I saw this post (#1232780) and it made me curious. All these pseudo-vault kind of things feel a little useless to me. Let's see if this one is different:
This BIP introduces an interoperable mechanism that allows users to operate a self-sovereign "kill switch", that locks wallets when activated. Cooperating wallets prohibit the spending of UTXOs when activated.
How does it work?
- You have a private key that controls your main stash (call this the stash key)
- You create a second wallet (call this the guardian key)
- this key is not related to your stash key
- this key only generates one address
- you load the guardian key's pubkey into your wallet software so your wallet knows to look for op_return lock and unlock signals from it.
- you broadcast a transaction from your guardian key with an op_return that includes a message signaling unlock
- there is a format for this in the BIP, but it really could just be as simple as the word " unlock"
- there us no need to include any data connecting this message to you stash key
- you create a presigned transaction with your guardian key that has an op_return with the message "lock"
- you should not keep guardian key material easily accessible or near your stash key material
- the presigned lock tx can be safely kept accessible
- when under duress, broadcast the presigned lock tx from your guardian key
- when your stash wallet sees such a tx, it should not allow signing of any tx from the stash key
The problem: "Non-cooperative wallets will ignore the signalling mechanism"
The BIP says:
This BIP does not attempt to cryptographically restrict spending conditions at the consensus layer.

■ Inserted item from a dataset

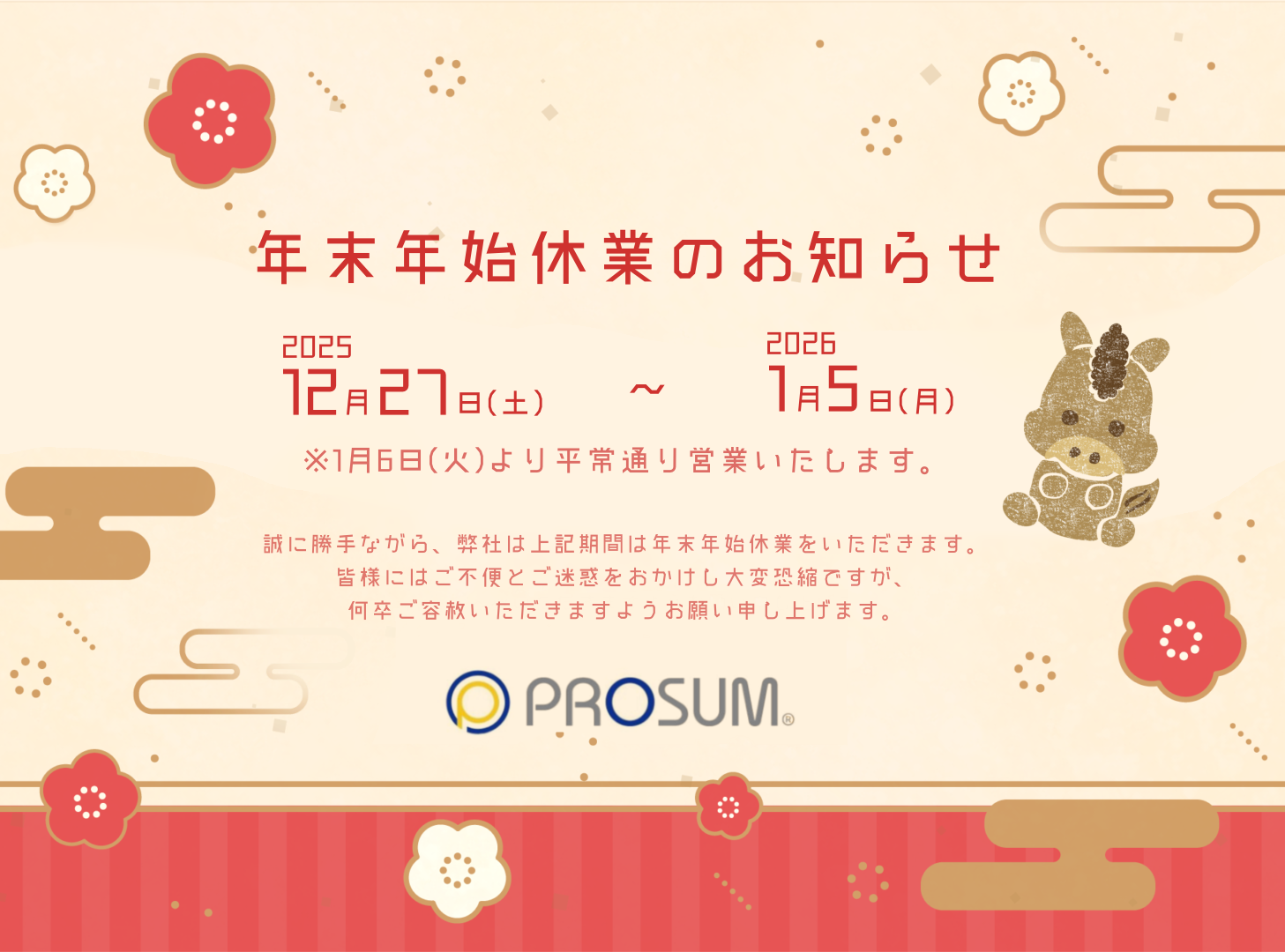 誠に勝手ながら、弊社は下記のとおり年末年始休業をいただきます。

Well...that's a problem. Basically this protocol only works if all other wallet software follows it, and even then it only acts like a policy. Miners can still mine "locked" transactions, and nodes will see them as valid.
If someone has your stash key, they have your bitcoin. All the fluff in this BIP just possibly makes it a little more inconvenient to sign a transaction.
A second BIP describes a guardian address monitoring protocol, but again it only applies to cooperating wallet software. Thieves will just learn to use wallets that don't cooperate. Seems trivial to circumvent.
Cooperating wallets prohibit the spending of UTXOs when activated.
So, in addition to adding an extra key to keep track of, you only get security from it in the specific instanceo that thieves use software that follows this BIP when trying to steal from you...
Unless I am really misunderstanding this, this BIP is a horrible idea.